A single prompt kicked off a full autonomous evaluation pipeline. Neo explored the codebase, designed the benchmarking strategy, ran the experiments, and delivered a 19% quality improvement with a 79% cost reduction.
What is Neo
Neo is a fully autonomous AI Engineering Agent that lives in your VS Code IDE or Cursor. You give it a high-level goal. It plans the implementation, writes the code, runs tests, and iterates until the project is complete. No hand-holding, no step-by-step instructions.
Neo handles the full AI/ML engineering stack: RAG pipelines, model fine-tuning, evaluation harnesses, classical ML experimentation, and deployment pipelines. It can explore an unfamiliar codebase, identify what is broken or missing, design a solution, and ship it.
The project was a customer support chatbot for TechFlow Solutions, built on a standard RAG setup: ChromaDB for vector retrieval, a system prompt, and an LLM to generate responses. The team had a general sense it was "okay" but nobody had actually measured anything. No scores, no baselines, no way to know if a change made things better or worse.
The prompt given to Neo was straightforward: evaluate the chatbot for quality and cost, optimize it, and report back. What followed was a three-phase process that Neo designed and executed autonomously.
The setup: TechFlow's chatbot handles customer questions about pricing, features, and account management.

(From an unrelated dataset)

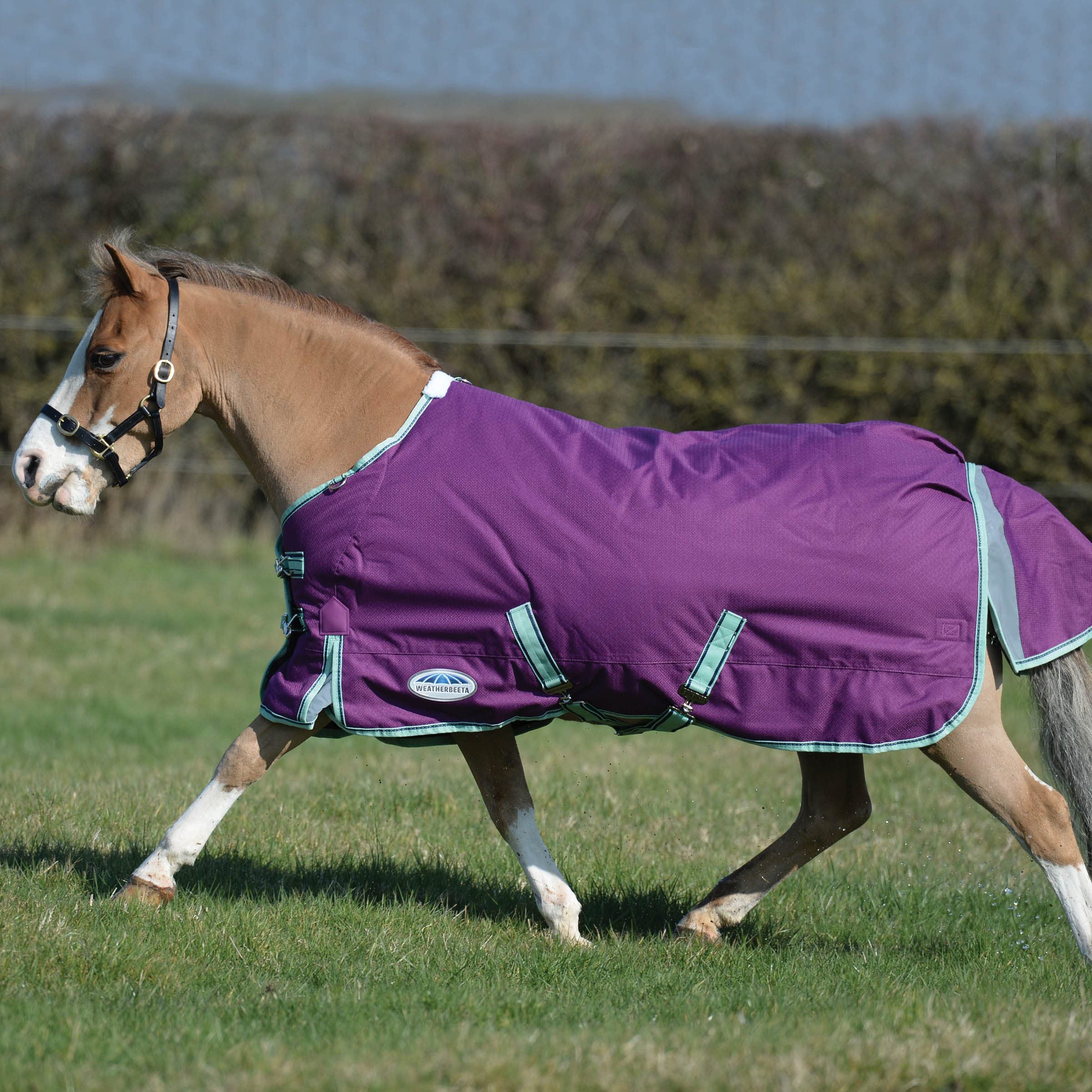 WeatherBeeta ComFiTec Premier Freedom Pony Standard Neck Lite, Purple/Navy/Mint, 57"—

The knowledge base is a set of markdown docs loaded into ChromaDB. Six representative turns from a real production session were used as the evaluation dataset across all three phases.
Phase 1: Establishing a Real Baseline
The first thing Neo identified was that the existing evaluator.py was not actually evaluating anything. It was doing pattern-matching heuristics: checking whether responses contained certain keywords, counting source references, and flagging boilerplate phrases. The scores it produced looked like numbers but carried no real signal about response quality.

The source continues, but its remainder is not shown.